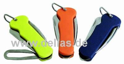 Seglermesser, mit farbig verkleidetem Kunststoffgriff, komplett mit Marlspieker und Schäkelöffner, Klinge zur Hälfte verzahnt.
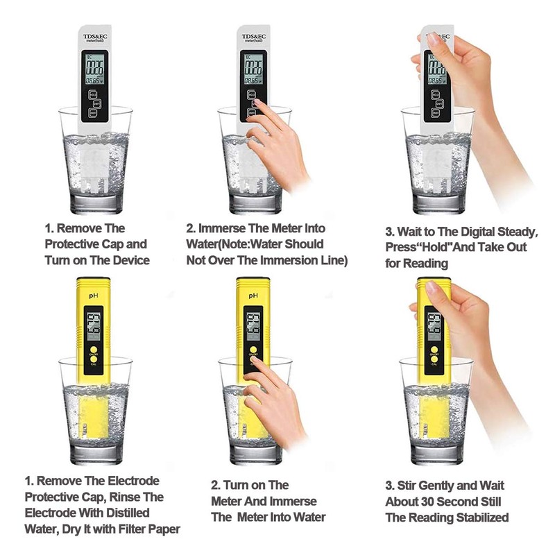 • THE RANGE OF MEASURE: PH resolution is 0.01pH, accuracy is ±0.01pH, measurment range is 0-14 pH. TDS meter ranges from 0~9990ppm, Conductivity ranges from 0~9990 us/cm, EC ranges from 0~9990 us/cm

==

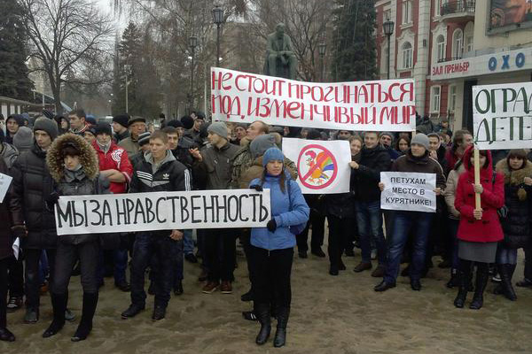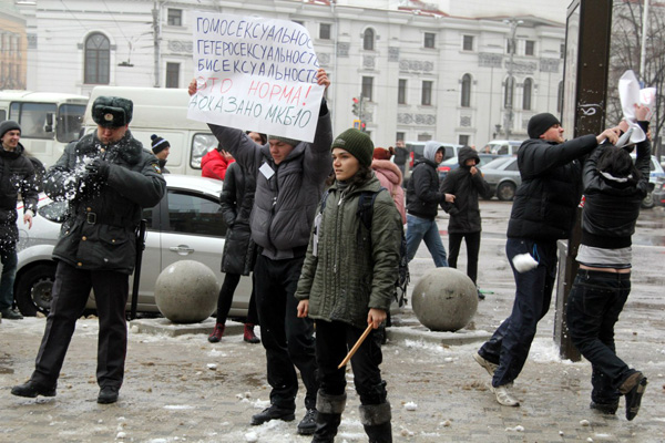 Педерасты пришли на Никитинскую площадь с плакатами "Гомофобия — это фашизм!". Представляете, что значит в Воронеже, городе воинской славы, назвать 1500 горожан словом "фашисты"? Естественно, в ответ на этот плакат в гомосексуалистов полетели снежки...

**What you have to do:**
Nothing but the lines above from the one that has "Seglermesser, mit farbig" down to the one that has "EC ranges from 0~9990 us/cm" belongs in the answer, copied exactly, without pictures.

**Solution for this task:**
 Seglermesser, mit farbig verkleidetem Kunststoffgriff, komplett mit Marlspieker und Schäkelöffner, Klinge zur Hälfte verzahnt.
 • THE RANGE OF MEASURE: PH resolution is 0.01pH, accuracy is ±0.01pH, measurment range is 0-14 pH. TDS meter ranges from 0~9990ppm, Conductivity ranges from 0~9990 us/cm, EC ranges from 0~9990 us/cm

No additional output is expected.